Духовник. Все это ты видишь, во всем этом ты не сомневаешься?

Неизвестный. Да.

Духовник. Теперь на время я становлюсь неверующим человеком и никакого иного ми­ра, кроме материального, не признаю. Начи­наю рассуждать и прихожу к логически неиз­бежному выводу, что «несомненное» для тебя на самом деле — бессмыслица: нет ни свобо­ды воли, ни добра, ни зла, ни смысла жизни. И если в моих доказательствах ты не найдешь ни малейшей ошибки — скажешь ли ты все-таки, что я говорю неправду, что свобода воли существует, существуют добро и зло и смысл жизни, что это не бессмыслица, а несомнен­ный факт?

Неизвестный. Да, скажу.

Духовник. Но если ты это скажешь, не должен ли ты будешь отвергнуть основную посылку мою, из которой сделаны эти выво­ды, то есть мое неверие?

Неизвестный. Да... Пожалуй...

Духовник. Теперь тебе ясен путь моих рассуждений?

Неизвестный. Да.

Духовник. Так начнем рассуждать. Перед нами вопрос о свободе воли. Что разумеется под этим понятием? Очевидно, такое начало, действия которого не определяются какой-то причиной, а которое само определяет эти действия, являясь их первопричиной. Воля человека начинает ряд причинно-обусловлен­ных явлений, сама оставаясь свободной, то есть причиной не обусловленной. Ты согла­сен, что я верно определяю понятие свободы воли?

Неизвестный. Да.

Духовник. Можем ли мы признать сущест­вование такого начала? Разумеется, нет. Для нас, материалистов, понятие «свободы» — во­пиющая бессмыслица, и наш разум никаких иных действий, кроме причинно-обусловлен­ных, представить себе не может. Ведь мир сос­тоит из различных комбинаций атомов и электронов. Никакого иного бытия, кроме ма­териального, нет. Человек не составляет иск­лючения. И он своеобразная комбинация тех же атомов. Человеческое тело и человеческий мозг можно разложить на определенное ко­личество химических веществ. В смысле ве­щественности нет никакого различия между живым организмом и так называемой неоду­шевленной вещью. А мир вещественный под­чинен определенным законам, из которых один из основных — закон причинности. В этом вещественном мире нет никаких бес­смысленных и нелепых понятий «свободных действий». Шар катится, когда мы его толка­ем. И он не может катиться без этого толчка и не может не катиться, когда толчок дан. И он был бы смешон, если бы, имея сознание, стал бы уверять, что катится по своей собственной воле и что толчок — это его свободное жела­ние. Он не более, как шар, который катится в зависимости от тех или иных толчков, и буду­чи вещью, напрасно воображает себя каким-то «свободным» существом.
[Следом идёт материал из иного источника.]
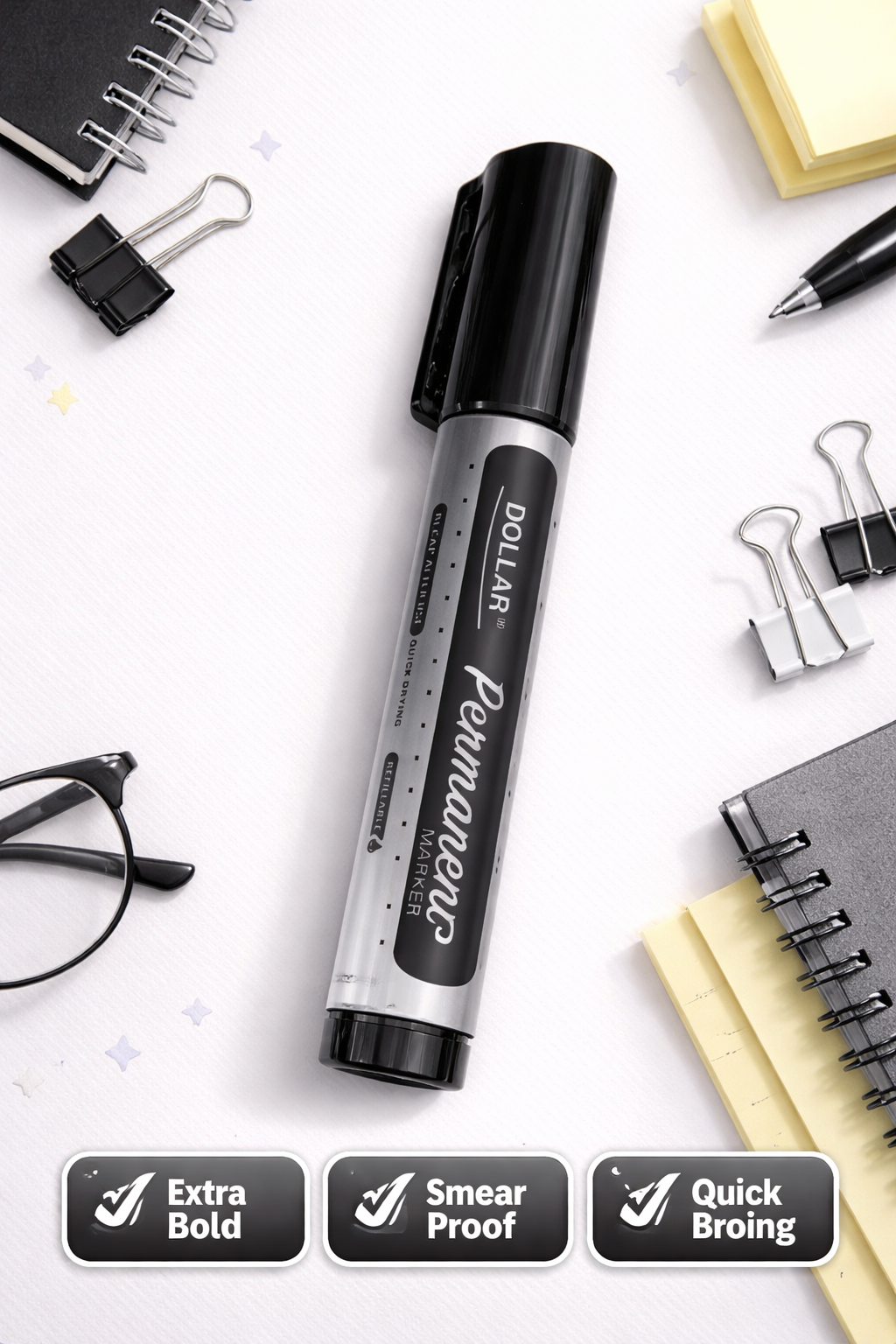The Dollar Permanent Marker Black delivers strong, extra-bold writing with deep black ink that stands out clearly on multiple surfaces. Designed for professional and everyday use, it features quick-drying ink that prevents smudging and ensures clean results.

Все сказанное может быть заключено в сле­дующий логически неизбежный ряд: никако­го иного бытия, кроме материального, не су­ществует. Если это так, то pi человек — только материальная частица, то он подчинен всем за­конам, по которым живет материальный мир.

Если мир живет по законам причинности, то и человек, как частица вещества, живет по этим же законам. Если материальный мир не знает свободных «беспричинных» явлений, то и во­ля человека не может быть свободной и сама должна быть причинно-обусловленной. Итак, свободы воли не существует. Ты согласен, что я рассуждаю строго логически?

Неизвестный. Да.

Духовник. Ты согласен с этим выводом?

Неизвестный. Нет, конечно, не согласен. Я чувствую свою свободу.

Духовник. Будем рассуждать дальше. Пе­ред нами вопрос о хороших и дурных поступ­ках. Один человек отдал последний кусок хлеба голодному. Другой отнял последний кусок хлеба у голодного. Признаешь ли ты нравственное различие этих двух поступков?

Неизвестный. Признаю.

Духовник. А я утверждаю, что никакого материального различия между этими пос­тупками нет, потому что вообще понятия доб­ра и зла — полнейшая бессмыслица. Мы уже доказали бессмысленность понятия свободы воли в вещественном мире. Такой же бес­смыслицей мы должны признать и понятия добра и зла. Как можно говорить о нравствен­ном поведении шара, который двигается, когда его толкают, и останавливается, когда встречает препятствие? Если каждое явление причинно-обусловлено, то в нравственном смысле они безразличны. Понятия добра и зла логически неизбежно предполагают понятие свободы. Как можно говорить о дурных и хо­роших поступках, когда те и другие одинако­во не зависят от лица, которое их совершает?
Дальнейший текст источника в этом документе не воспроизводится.